The press() function is really just a wrapper for the keyDown() and keyUp() functions, which simulate pressing a key down and then releasing it up. These functions can be called by themselves. For example, to press the left arrow key three times while holding down the Shift key, call the following:

>>> pyautogui.keyDown('shift')  # hold down the shift key
>>> pyautogui.press('left')     # press the left arrow key
>>> pyautogui.press('left')     # press the left arrow key
>>> pyautogui.press('left')     # press the left arrow key
>>> pyautogui.keyUp('shift')    # release the shift key

To press multiple keys similar to what write() does, pass a list of strings to press().

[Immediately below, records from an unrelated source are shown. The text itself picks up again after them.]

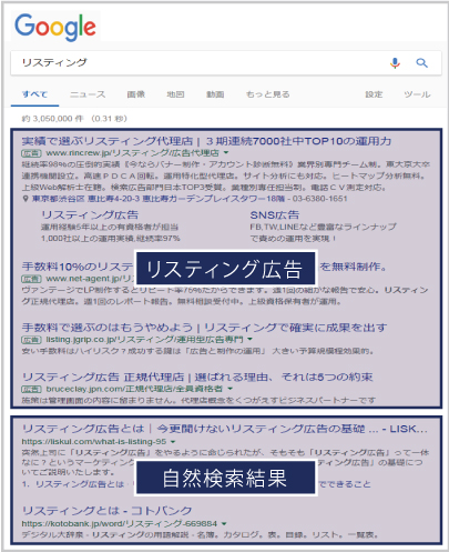 また、自然検索結果よりも上位に掲載されるのでWEBサイトにユーザーを誘導しやすい特徴を持っています。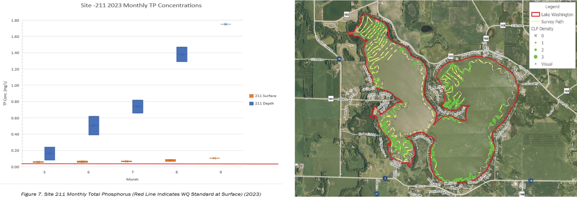 Water quality monitoring and sampling are tailored to lake morphology, hydrologic connectivity, and project goals. Monitoring programs are designed to capture seasonal and interannual variability in physical, chemical, and biological parameters. For Lake Washington in southern Minnesota, ISG coordinated monitoring at in‑lake stations, tributary inlets, and the lake outlet to characterize nutrient behavior across the lake‑watershed system to synthesize historical data, watershed studies, and regulatory frameworks into a comprehensive management plan with defined nutrient reduction targets, building a dataset across multiple years at the same sites.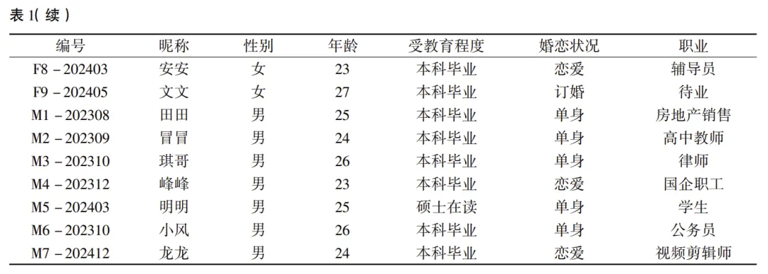 本文的资料搜集工作始于2023年8月,采用线下与线上(腾讯会议)相结合的半结构式访谈方式,运用滚雪球和网上招募的方式选择了16位被访者,重点围绕其恋爱行为与婚育意愿及背后的影响因素展开探讨。

For example:

>>> pyautogui.press(['left', 'left', 'left'])

Or you can set how many presses left:

>>> pyautogui.press('left', presses=3)

To add a delay interval in between each press, pass an int or float for the interval keyword argument.

The hotkey() Function To make pressing hotkeys or keyboard shortcuts convenient, the hotkey() can be passed several key strings which will be pressed down in order, and then released in reverse order. This code:

>>> pyautogui.hotkey('ctrl', 'shift', 'esc')
…is equivalent to this code:

>>> pyautogui.keyDown('ctrl')
>>> pyautogui.keyDown('shift')
>>> pyautogui.keyDown('esc')
>>> pyautogui.keyUp('esc')
>>> pyautogui.keyUp('shift')
>>> pyautogui.keyUp('ctrl')

To add a delay interval in between each press, pass an int or float for the interval keyword argument.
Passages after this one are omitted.